EXERCISE DIRECTIONS: Copy word for word the lines in the records below, starting at the line with "Register your dog" and ending at the line with "英格兰右后卫亚历山大-阿诺德". Skip the pictures.

───── RECORDS FOR THIS EXERCISE

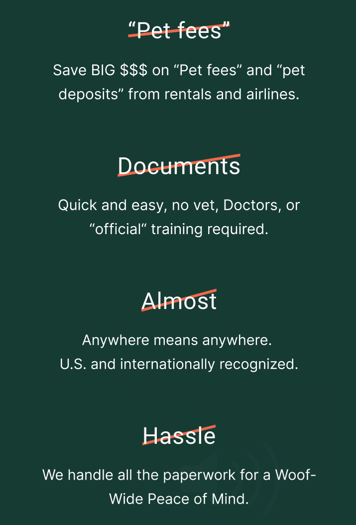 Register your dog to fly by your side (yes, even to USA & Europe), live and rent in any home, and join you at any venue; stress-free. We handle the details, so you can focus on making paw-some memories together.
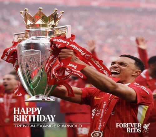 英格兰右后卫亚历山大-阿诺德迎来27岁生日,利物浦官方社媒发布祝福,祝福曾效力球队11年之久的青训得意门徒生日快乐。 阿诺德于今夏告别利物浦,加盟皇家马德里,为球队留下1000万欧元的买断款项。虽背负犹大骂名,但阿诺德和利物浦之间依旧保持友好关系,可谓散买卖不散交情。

──────────
───── RECORDS FOR THIS EXERCISE

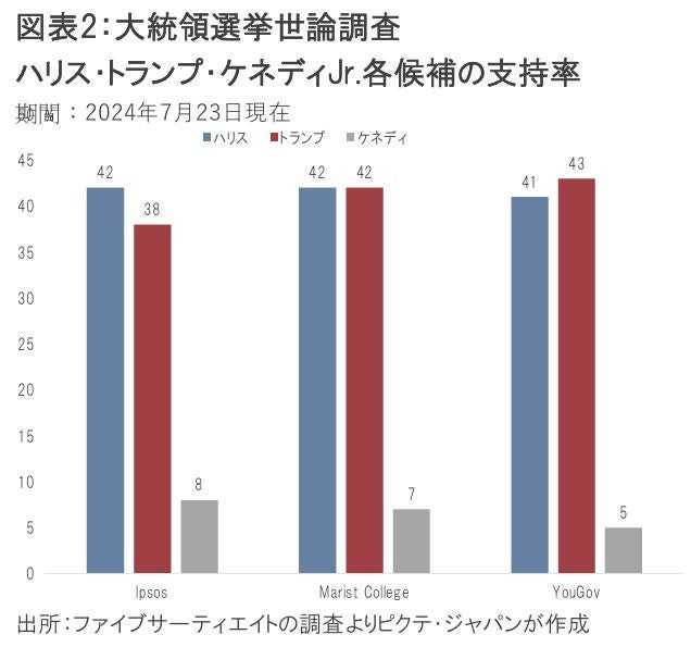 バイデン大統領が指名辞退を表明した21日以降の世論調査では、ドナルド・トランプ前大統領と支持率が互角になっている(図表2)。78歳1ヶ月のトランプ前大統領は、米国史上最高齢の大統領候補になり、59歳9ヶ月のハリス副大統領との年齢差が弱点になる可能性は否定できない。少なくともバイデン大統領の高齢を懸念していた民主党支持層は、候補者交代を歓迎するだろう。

──────────

ANSWER TO THIS EXERCISE:
 Register your dog to fly by your side (yes, even to USA & Europe), live and rent in any home, and join you at any venue; stress-free. We handle the details, so you can focus on making paw-some memories together.
 英格兰右后卫亚历山大-阿诺德迎来27岁生日,利物浦官方社媒发布祝福,祝福曾效力球队11年之久的青训得意门徒生日快乐。 阿诺德于今夏告别利物浦,加盟皇家马德里,为球队留下1000万欧元的买断款项。虽背负犹大骂名,但阿诺德和利物浦之间依旧保持友好关系,可谓散买卖不散交情。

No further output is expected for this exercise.